● ASSIGNED TASK:
Restate word for word the lines below that run from the one holding "The mostly-fearsome pirate" through the one holding "記者在楊家坪車站等來(lái", inclusive. Pictures don't belong in the copy.

———

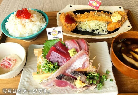 小田原漁港のすぐ近くにある「漁港の駅 TOTOCO小田原」の2階に位置する「小田原漁港 とと丸食堂」は、新鮮な海鮮をカジュアルに楽しめる人気のランチスポットです。漁港直送の新鮮な魚介をふんだんに使用した海鮮丼や定食は、観光客に大人気。特に、ボリューム満点で写真映えもする海鮮丼は、安くて美味しい小田原ランチを象徴するメニューです。広々としたフードコート形式の店内で、活気あふれる雰囲気の中、出来立ての海鮮料理をすぐに味わえるのが魅力です。小田原漁港を訪れた際には、立ち寄り必須のランチスポットであり、新鮮な魚介をリーズナブルな価格で満喫したい方に最適です。小田原の海の幸の魅力を存分に感じられる美味しいランチを、ぜひ「とと丸食堂」で体験してください。
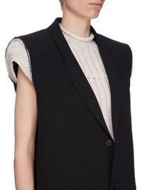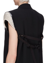 RICK OWENS SS25 HOLLYWOOD DIRT TAILORED SL IN BLACK LIGHT POUDRE THIS DIRT TAILORED JKT SL IS BELOW-HIP LENGTH, AND SLEEVELESS, WITH A REGULAR SHOULDER PAD THAT IS RAW CUT AND EXPOSED. IT HAS A SLIM LAPEL WITH TWO BUTTON FRONT CLOSURE AND SIDE FRONT JET POCKETS. IT HAS A CENTER BACK VENT AND FEATURES A THIN, ADJUSTABLE, COTTON WEBBING DISCO STRAP, WITH CLIP, ACROSS THE BACK YOKE IT IS FULLY LINED AND HAS TWO INTERNAL BUTTONED POCKETS THIS MEDIUMWEIGHT GRAIN DE POUDRE WOOL IS MATTE AND HAS A SOFT AND FLUID HAND FEEL. COLOR: BLACK MATERIAL: 100% WOOL LINING 100% CUPRO BUTTONS 100% BUFFALO HORN MODEL IS 181CM TALL MODEL WEARS SIZE 40
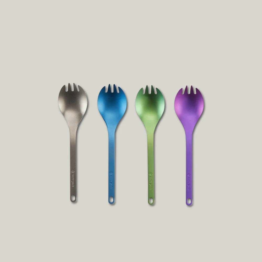 The humble magnificent spork, the one eating iron you want to be armed with on any expedition. This one is made in titanium so it is light, strong and robust. Furthermore it has been anodized in green for your pleasure.
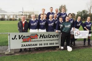 Zaandijk 7 in 1999. Jaap van Huizen staat te midden van zijn elftalvrienden.
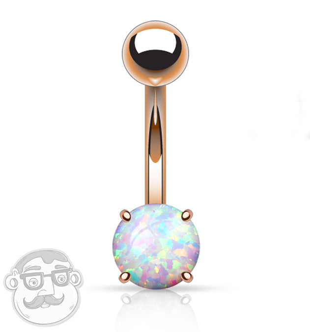 Rose Gold PVD Simple Opalite Stainless Steel Belly Button Ring
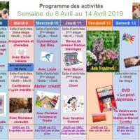 Publiée le 05/04/2019Voici le programme d'animation de la semaine du 8 au 14 Avril 2019 Lire la suite
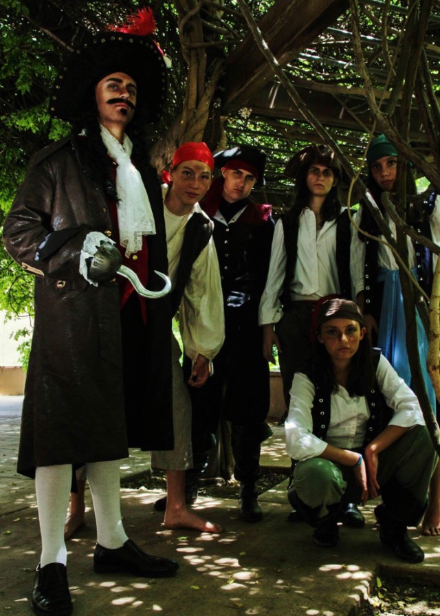 The mostly-fearsome pirate crew. Again, Jake looks too tall.
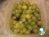 Ягоды винограда обобрать с грозди. Мёд взбить с соевым соусом, добавить к ягодам и дать постоять минут 15 |
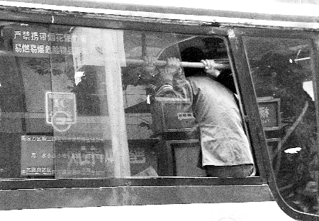 記者在楊家坪車站等來(lái)一輛362,車內(nèi)擠滿了人。一男性乘客坐在前門(mén)窗沿邊,半身露出窗外。記者打完卡擠進(jìn)車廂,后面一男子因無(wú)零錢(qián)投了5元紙幣。當(dāng)他準(zhǔn)備站在門(mén)邊等待回收另外4元錢(qián)時(shí),后面的乘客蜂擁至車廂,該男子也無(wú)奈地被擠了進(jìn)去!澳獢D、莫擠,我投了5元還沒(méi)補(bǔ)”,這時(shí)有乘客說(shuō)道,“兄弟,早上坐車恁個(gè)打擠,你以后各人準(zhǔn)備零錢(qián)嘛”。
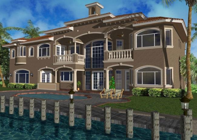 This beautiful classic Florida-style waterfront two-story residence features four bedrooms and five and a half bathrooms plus a cabana and a three-car garage. Columns, arches, covered balconies, and a sumptuous covered entrance with the eight-foot arched wood front door, provide a strong curb appeal and luxurious inside and out. The 1st floor features a large living room with 2 story tray ceilings and a stately fireplace, a gourmet kitchen with an eating bar and cafe, a separate library, and media rooms. A residential elevator invites you to the second floor with a luxurious master suite with a large walk-in-closets, morning kitchen, tray ceilings, regal master bathroom with additional storage areas open to a private balcony.
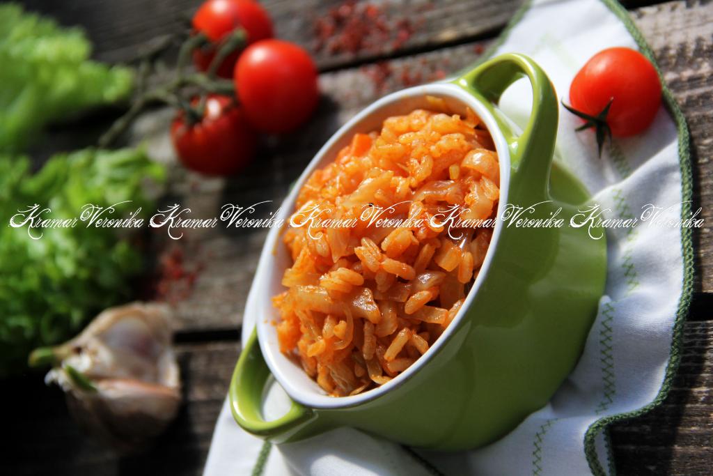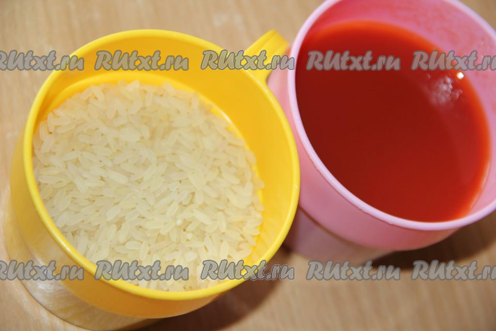 Подготовить рис (я использовала пропаренный рис) и томатный сок. Если нет томатного сока, можно в 170 мл воды развести 30 грамм томатной пасты.
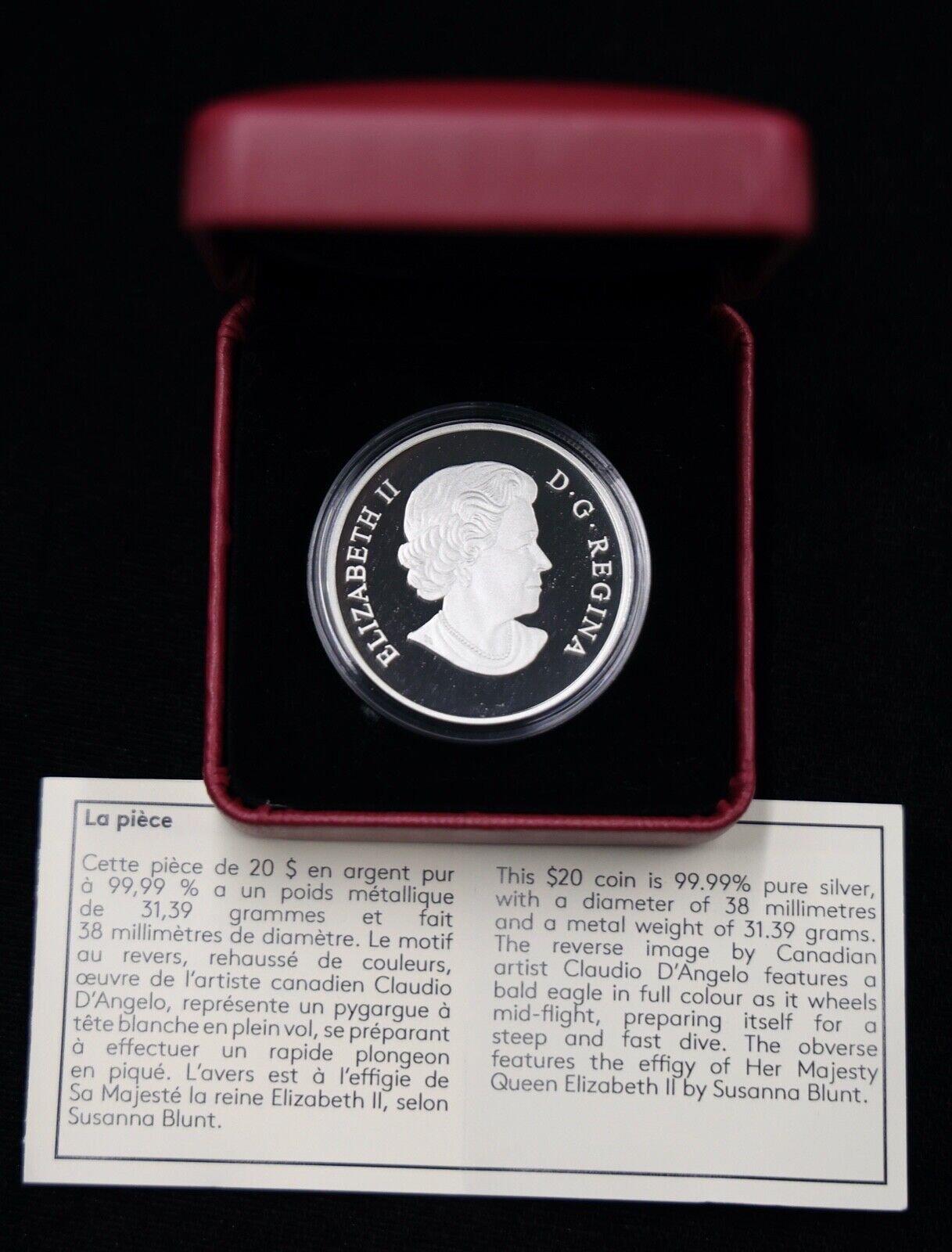 2014 Canada Bald Eagle Soaring over Northern Lake 1 oz Silver Proof Colorized
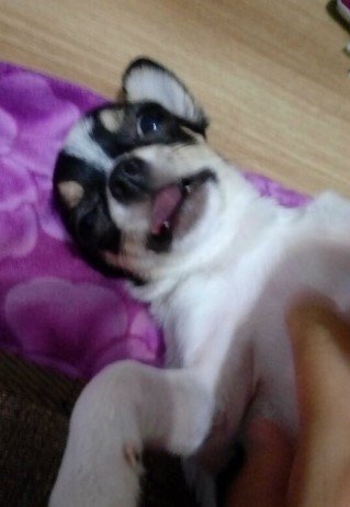 입이 살짝 벌이지고 네 발을 모은 쵸보기는
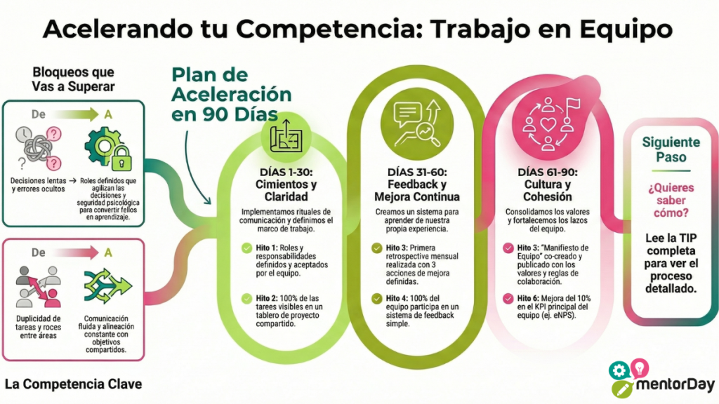31–60 días: Retrospectiva, sistema de feedback, formación en comunicación.

———

● THE COMPLETED TASK:
 The mostly-fearsome pirate crew. Again, Jake looks too tall.
 Ягоды винограда обобрать с грозди. Мёд взбить с соевым соусом, добавить к ягодам и дать постоять минут 15 |
 記者在楊家坪車站等來(lái)一輛362,車內(nèi)擠滿了人。一男性乘客坐在前門(mén)窗沿邊,半身露出窗外。記者打完卡擠進(jìn)車廂,后面一男子因無(wú)零錢(qián)投了5元紙幣。當(dāng)他準(zhǔn)備站在門(mén)邊等待回收另外4元錢(qián)時(shí),后面的乘客蜂擁至車廂,該男子也無(wú)奈地被擠了進(jìn)去!澳獢D、莫擠,我投了5元還沒(méi)補(bǔ)”,這時(shí)有乘客說(shuō)道,“兄弟,早上坐車恁個(gè)打擠,你以后各人準(zhǔn)備零錢(qián)嘛”。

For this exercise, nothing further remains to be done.